Paul Dotey, who recently joined The Philanthropist as an illustrator, has worked in publishing design for more than a decade, creating maps, books and illustrations for clients in Canada and around the globe. Dotey’s clients include Starbucks Coffee, The Globe and Mail, and the Drake General Store. Working from his studio in downtown Toronto, he’s currently drawing whatever he’s been asked.
Tell us a bit about yourself: I’m an illustrator who has been working in the publishing industry for about 15 years. I’ve always drawn since I was young, so becoming an illustrator was a natural profession for me, but I’ve had to learn how to become my own boss, which hasn’t always come naturally.
Describe your desk/workspace: My desk is actually two desks: a computer table with a tablet and scanner, and a drafting table with my pencils and pens in vintage jars. I like a little messy chaos; keeping things at hand is important.

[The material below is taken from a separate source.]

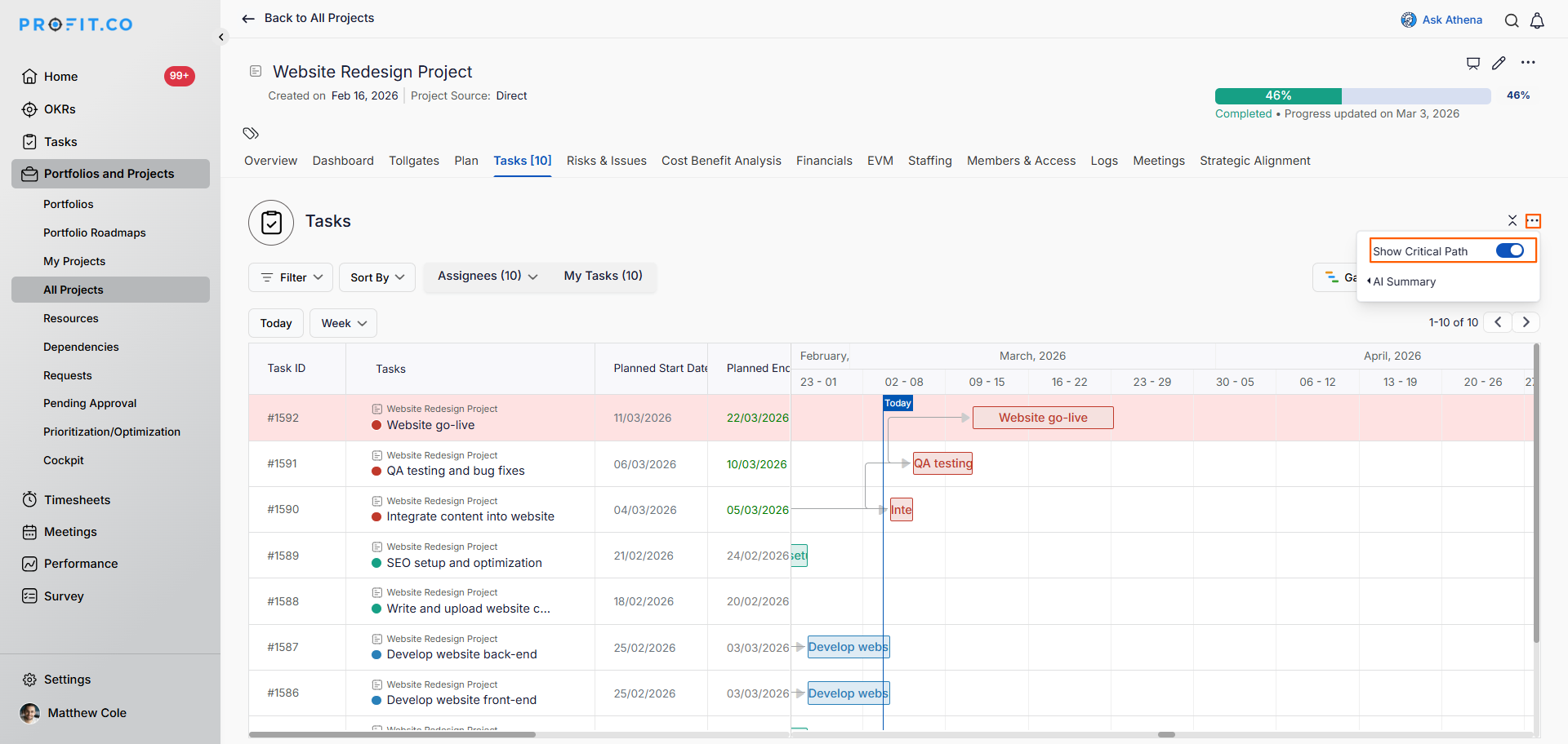 - Profit.co will automatically highlight the tasks that fall on the critical path.

What are you reading or following that has expanded your understanding of the non-profit sector? In the past few years I’ve been reading more about the Truth and Reconciliation Commission. So much of the work that young people have been doing in their communities has been about looking at the future as well as the past. Helping youth work with their elders has been really inspiring.
What do you think our sector needs to be thinking about? I think that the non-profit sector can benefit from looking at mentorship across the generations. A lot of people tend to silo themselves in working with their own cohort; it can be a real benefit to know how older and younger people face the same challenge.